Chief content officer highlights 26% boost in All 4 views as proof of sustainability

Ian Katz - Annual Report 2020

Channel 4’s progress on its digital-first Future 4 strategy is one of the most compelling arguments against its privatisation, according to Ian Katz.

The broadcaster achieved 1.25bn All 4 views in 2020, an uplift of 26% compared to the previous year and is up year-on-year by an additional 40% in the first six months of 2021.

Last year, the broadcaster set out a target of doubling its volume of on-demand viewing and growing digital revenue to account for 30% of income within five years and Katz said the broadcaster is “well ahead” in terms of making progress.

The chief content officer said: “The progress made towards achieving this goal is the single best measure of our long-term sustainability. And we are acing it. We’ve grown digital audiences at a rate never seen before.”

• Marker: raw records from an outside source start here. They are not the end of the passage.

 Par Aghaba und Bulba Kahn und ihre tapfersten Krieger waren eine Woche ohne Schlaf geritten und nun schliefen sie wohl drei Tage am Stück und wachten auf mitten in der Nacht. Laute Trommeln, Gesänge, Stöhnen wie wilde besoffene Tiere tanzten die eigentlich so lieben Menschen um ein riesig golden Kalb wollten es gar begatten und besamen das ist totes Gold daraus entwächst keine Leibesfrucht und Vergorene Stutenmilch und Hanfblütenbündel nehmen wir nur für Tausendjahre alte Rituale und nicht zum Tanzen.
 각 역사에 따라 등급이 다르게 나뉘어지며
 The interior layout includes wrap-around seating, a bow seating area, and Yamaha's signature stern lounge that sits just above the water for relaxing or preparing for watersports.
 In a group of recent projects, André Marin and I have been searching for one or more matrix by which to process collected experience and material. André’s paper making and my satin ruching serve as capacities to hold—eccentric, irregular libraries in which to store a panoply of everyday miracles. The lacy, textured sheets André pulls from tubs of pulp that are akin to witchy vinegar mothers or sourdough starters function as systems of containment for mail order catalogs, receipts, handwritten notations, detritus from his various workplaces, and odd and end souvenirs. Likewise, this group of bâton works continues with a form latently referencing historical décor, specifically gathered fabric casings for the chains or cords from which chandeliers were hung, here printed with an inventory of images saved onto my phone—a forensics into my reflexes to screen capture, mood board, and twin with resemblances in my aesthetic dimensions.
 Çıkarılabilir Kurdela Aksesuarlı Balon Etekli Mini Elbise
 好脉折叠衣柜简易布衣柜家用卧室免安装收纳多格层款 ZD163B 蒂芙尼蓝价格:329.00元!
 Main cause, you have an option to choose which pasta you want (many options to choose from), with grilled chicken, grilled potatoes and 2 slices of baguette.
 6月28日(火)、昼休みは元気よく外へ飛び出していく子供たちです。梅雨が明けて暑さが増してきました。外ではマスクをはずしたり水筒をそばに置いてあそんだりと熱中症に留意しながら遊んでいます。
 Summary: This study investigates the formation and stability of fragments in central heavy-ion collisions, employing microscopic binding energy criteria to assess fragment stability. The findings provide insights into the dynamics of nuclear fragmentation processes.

Culture minister John Whittingdale has said that the justification for considering a sale of the business is to safeguard its future in the long-term against a backdrop of declining linear audiences.

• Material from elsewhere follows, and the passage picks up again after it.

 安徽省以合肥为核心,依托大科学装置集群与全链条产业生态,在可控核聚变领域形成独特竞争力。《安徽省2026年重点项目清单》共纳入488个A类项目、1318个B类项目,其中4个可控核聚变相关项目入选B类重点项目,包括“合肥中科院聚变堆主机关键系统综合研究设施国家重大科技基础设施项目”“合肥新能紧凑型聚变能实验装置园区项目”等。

The broadcaster’s portfolio of channels ended 2020 with a share of 10.1%, up 2% year-on-year, its biggest growth since 2011.

Katz warned that the impact on the indie sector is the “real risk” from a sale and called on producers to make their views on privatisation heard.

He hopes that the government will not “dismiss those who warn that privatisation could seriously damage one of the most successful sectors in the British economy.”

C4’s audience gains and its commitment to return its budget to pre-2019 levels by 2022 sends a “strong message that whatever is going on in the wider debate about privatisation, its very much business as usual.”

“The channel is in good health after coming through the biggest challenge any commercial broadcaster has ever faced,” he added.

Future 4 update

Katz said C4 has “significantly tilted its commissioning approach” to think digital-first since launching Future 4.

“Every commissioning decision starts with a discussion about how a show might perform on All 4 and every recommission conversation looks at its performance on All 4,” he said.

Across every genre, C4 is assessing which shows are over indexing on-demand and doubling down on those.

Katz revealed that factual singles have been performing particularly well, referencing Caroline Flack: Her Life and her Death as one of All 4’s biggest shows.

“That has informed our choices, we have responded by pumping out a search for high impact singles,” Katz said.

In response to calls from producers for more information about what helps shows perform better on-demand, C4 is to provide suppliers with a host data about how they have fared via All 4 including relevant benchmarking information.

“I’m hoping this will be a real kickstarter for producers to understand how to optimise shows for All 4,” Katz added.

As lockdown lifts, C4 will move away from Katz’s pandemic-inspired “joy in a joyless age” with its commissioners looking ahead to the next 12-18 months. “We have to get our heads into the space where we are thinking about what people want as they come out of the tunnel,” he said.

One impact of the pandemic that he is keen to examine is the exodus from cities to the countryside.